Aromalunni ആരോമലുണ്ണി is a 1972 Indian Malayalam-language film directed and produced by Kunchacko, based on Vadakkan Pattukal, a collection of Northern Ballads of medieval origin. The film stars Prem Nazir, Vijayasree, Ravichandran and Sheela in the lead roles. The film has musical score by G. Devarajan and it is a sequel to the 1961 film Unniyarcha.

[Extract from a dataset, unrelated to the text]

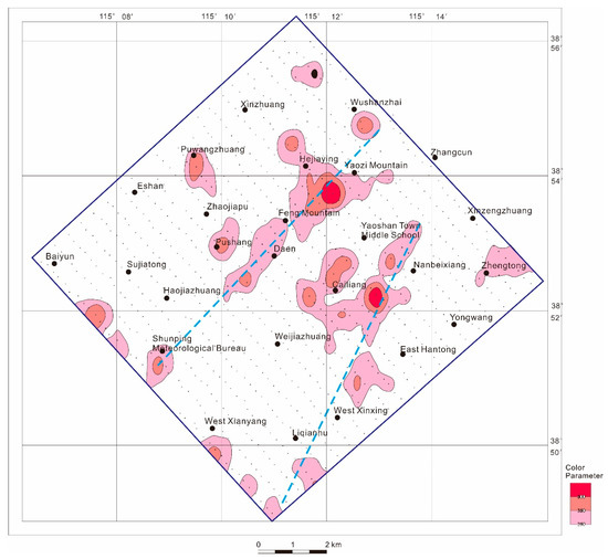 The fractures and unconformities of different sizes in the study area are hot water migration channels (fluid channels). The precipitation from the Taihang Mountains in the west is transported to the thermal reservoirs through faults and unconformity surfaces, especially the faults (F2, F3, and their secondary faults) in the bedrock outcrop area of the Taihang Mountains, which are well connected with the surface water and the thermal reservoirs, together with the heat source. It can be noted from the anomaly diagram showing Hg in the soil (Figure 8) that the distribution of the Hg anomaly is obviously in the NE direction, indicating the two faults that pass through Yaozishan village and Cailiang village. Their positions are relatively consistent with the F2 fault location predicted by MT, and they are the main fault and branch fault of F2. The Hg anomaly in the middle area of the two faults indicates multiple secondary faults in the area, which can communicate atmospheric precipitation and thermal reservoir well. The intensity of the Rn anomaly is weaker than that of the Hg anomaly (Figure 9), but the predicted faults of the Rn anomaly zone in the north are consistent with the northern fault structure F2 inferred by Hg, and Rn anomalies also mainly distributed in the NE direction. Rn anomalies show that the NE-trending faults in the southeast are close to F1, confirming the existence of F1 and its secondary faults.
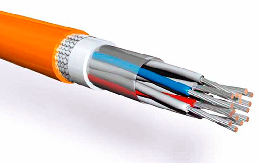 - кабель КПМПКПГнг(А)-HF- с изоляцией и оболочкой из полимерных материалов, не содержащих галогенов, не распространяющий горение при групповой прокладке по категории А и не выделяющий коррозионно-активных газообразных продуктов при горении и тлении.

The film was a commercial success.

==Cast==

- Prem Nazir as Aromalunni/Kunjiraman
- Ravichandran as Kannappanunni/Chandrappan
- Vijayasree as Kanni
- Sheela as Maakkam
- K. P. Ummer as Thampikkutti
- Ragini as Unniyarcha
- Kaviyoor Ponnamma as Thumbolarcha
- Sathyan as Aromalchekavar (Archive Footage)
- Thikkurissy Sukumaran Nair as Puthooram Veettil Kannappa Chekavar
- N. Govindan Kutty as Ammavan
- Manavalan Joseph as Unikkoran
- Adoor Pankajam
- Alummoodan
- G. K. Pillai as Kolathunadu Raja
- Kaduvakulam Antony
- Paravoor Bharathan as Thirumeni
- S. P. Pillai as Paanan

==Soundtrack==
The music was composed by G. Devarajan and the lyrics were written by Vayalar Ramavarma.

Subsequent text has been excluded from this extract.